The concept of Love in Augustine of Hippona

24 Oct

Hanna Arendt’s thesis was a milestone in her philosophical development, from a foundational aspect, it is the first of her works and marks an involvement with Heidegger, her first advisor with whom she became emotionally involved, and Karl Jaspers, who influenced the choice of the theme.

The work can be divided into three thematic axes: love for others, or life in society, love in the relationship between man and God the creator and love as desire, called appetitus.

The author also states that the bishop never completely excluded the philosophical ideas of antiquity, notably Cicero, Plato and Plotinus in his thinking, and no matter how faithful and Christian he became, “he never completely lost the impulse to question philosophical.” (ARENDT, 1996, p. 3).

The first part of the author’s dissertation called “Love as desire: the anticipated future”, within a philosophical perspective and in continuity with Hellenic thought, could not have a better title, since it is not love in the present, but “ anticipated future”, something that one hopes to have as a means of achieving happiness.
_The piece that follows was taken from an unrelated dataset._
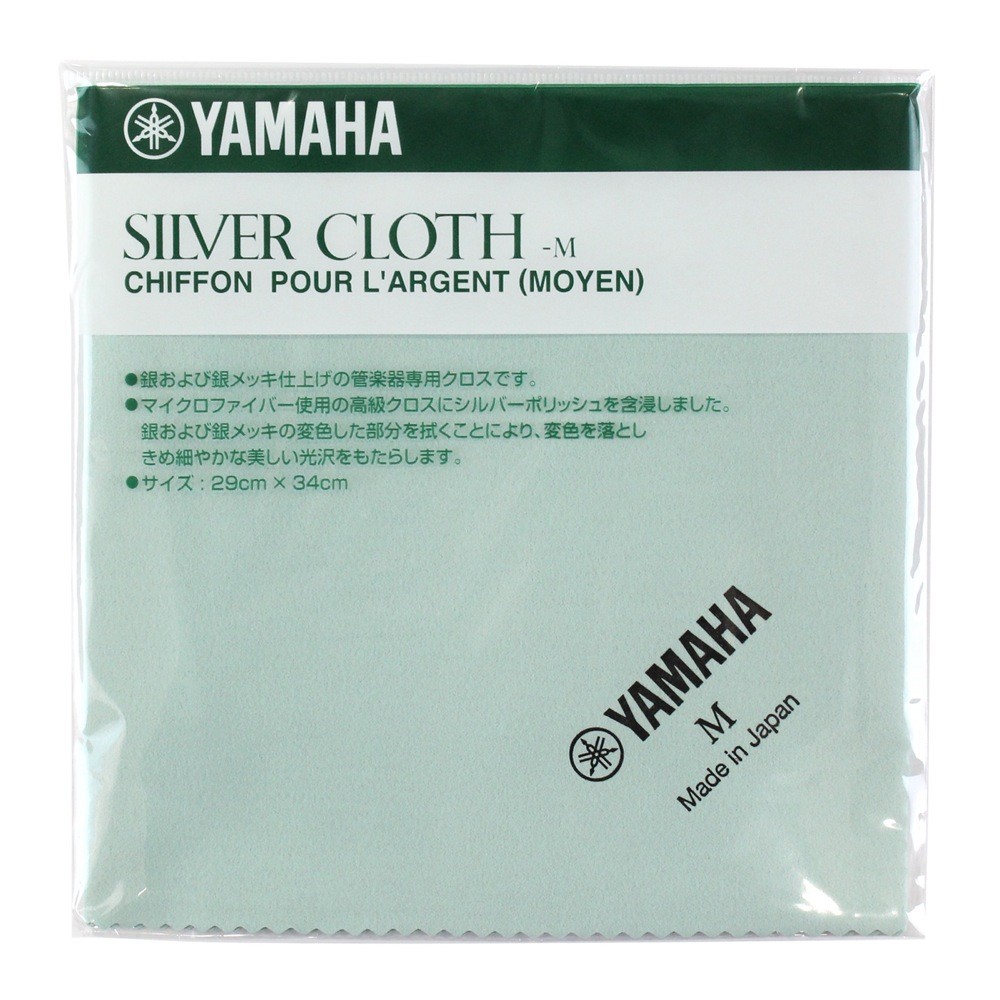 ヤマハ YAMAHA SVCM2 シルバークロス Mサイズヤマハ シルバークロス SVCM2は、銀や銀メッキ仕上げの楽器表面の変色や汚れを取り、きめ細かな光沢をもたらします。生地にマイクロファイバーを採用、汚れ取り効果とツヤ出し効果が格段に向上しました。毛玉が出にくいので、磨きやすさが長く持続します。カラーはライトグリーン、サイズは 290 x 340(mm)です。

This love called cupiditas is shaped by a “desirous desire, that is, appetitus”, but caritas also has this aspect of “future” desire, but it is a free love.

Augustine asks in Confessions: “What do I love when I love my God?” (Confessions own essence, finally finds eternal love in his own Being.

Love for others, or social love, was developed by the author: man must love his neighbor as God’s creation: […] man loves the world as God’s creation: “in the world the creature loves the world as how God loves. This is the realization of a self-denial in which everyone, including yourself, simultaneously reclaims your God-given importance. This fulfillment is love for others.” (ARENDT, 1996, p. 93)

Augustine differentiates the polis from the city of God, the name of another of his works, and clarifies Arendt: “This defense is the foundation of the new city, the city of God. […] This new social life, which is based on Christ, is defined by mutual love (diligire invicem)” (ARENDT, 1996, p. 108).

Thus, Augustine’s work is philosophical, theological and political, although this aspect is ignored.

ARENDT, Hannah. Love and Saint Augustine. Chicago: University of Chicago Press, 1996.